Learning Theories Related to Learner Maturity

Our consideration of Bourdieu has introduced us to the idea of learner maturity, both in terms of a learner’s integrated knowledge base and also the way in which their mind works around what they consider possible and not possible. Jean Piaget (1896–1980) demonstrated that at an early point in life, our physical stage of development has a marked effect on our ability to recognize volume as opposed to linear measurements, and this applies to us all. However, when we start to be able to cope with hypothetical and counterfactual thinking at the age of 11, our learning experiences themselves become increasingly important in our educational maturity and how we view our abilities (Dweck, 2003) (see Box 4.2). In early adolescence, based on the nature of the feedback that parents and teachers deliver, the learner is likely to have formed a view either that they are clever or that they are not: either that they are capable of accomplishing certain tasks or that they are not (fixed mindset), or that they are capable of a lot provided that they work hard (growth mindset). This view of our abilities, which is fundamental to all our learning and will profoundly affect our motivation and engagement with learning opportunities, is dramatically related to the nature of the praise that we receive throughout our childhood. If, on successful completion of a task, the learner is told that their achievement is because they are a clever person, they will quickly develop a fixed mindset. If on successful completion they are told that their achievement is because they have worked hard, they will increasingly believe that with hard work and practice they can complete whatever tasks they are set: the growth mindset. For those with a fixed mindset, undertaking tests is all about performance and avoidance of being exposed as incompetent in any area. In contrast, those with a growth mindset are much more interested in mastery. They know that this will allow them to understand advanced concepts and undertake more complicated tasks. Avoidance of exposure and mere performance in a test will not help them to develop, so they will frequently seek challenges in areas in which they know they might fail (safely) in order to learn.

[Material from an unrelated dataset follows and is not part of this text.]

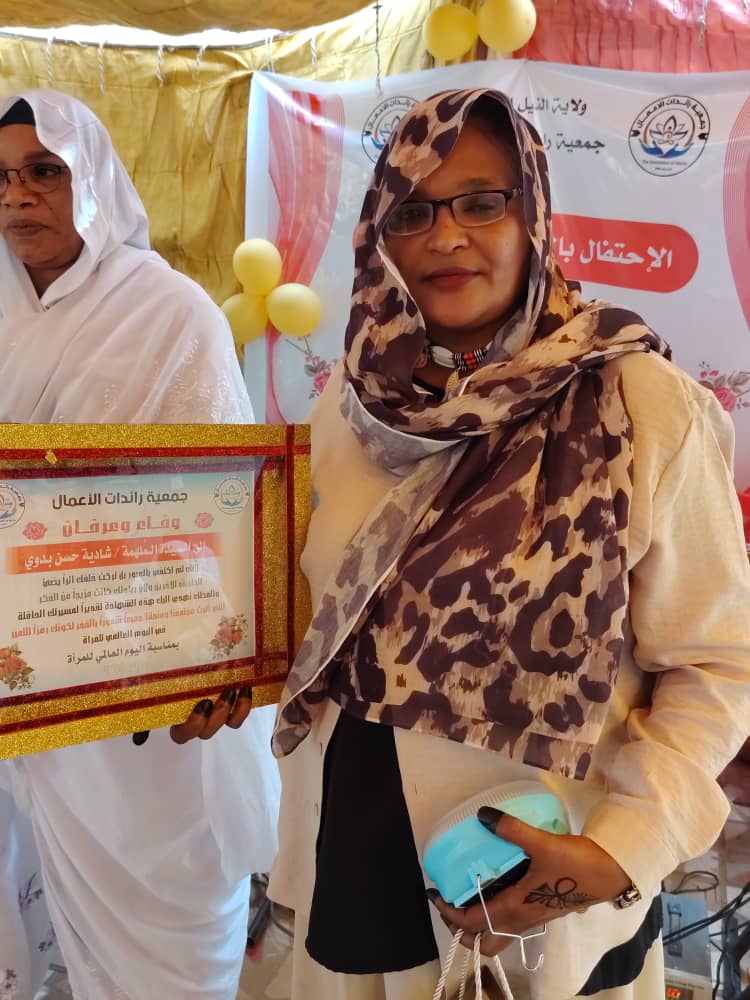 وفي ختام الاحتفال أشادت الأستاذة فاطمة الحاج الطيب بدور المرأة السودانية مثمنة جهود جمعية رائدات الأعمال في دعم وتمكين النساء.

A significant development in learner maturity comes with the acknowledgment that they themselves have a significant part to play in their own understanding. In the 1970s, William Perry recognized several distinct phases through which learners go in their journey from “basic dualism,” with the teacher having the right answers that just need to be learned, through more relativistic positions, leading to an understanding of good and less good explanations of phenomena, to a stage of “evolving commitments,” where the responsibility for recognizing and establishing current best evidence lies with the individual. This is where early educational preparation is important. Those who are well advanced in this kind of thinking at high school may progress to Perry’s more advanced positions by the end of their formal education. Others may still cling to dualist perspectives, or have progressed to the position of multiplicity but no further, believing that “everyone has a right to his own opinion” and one person’s is just as valid as that of another (Thoma, 1993; Dale, Sullivan, and May, 2008).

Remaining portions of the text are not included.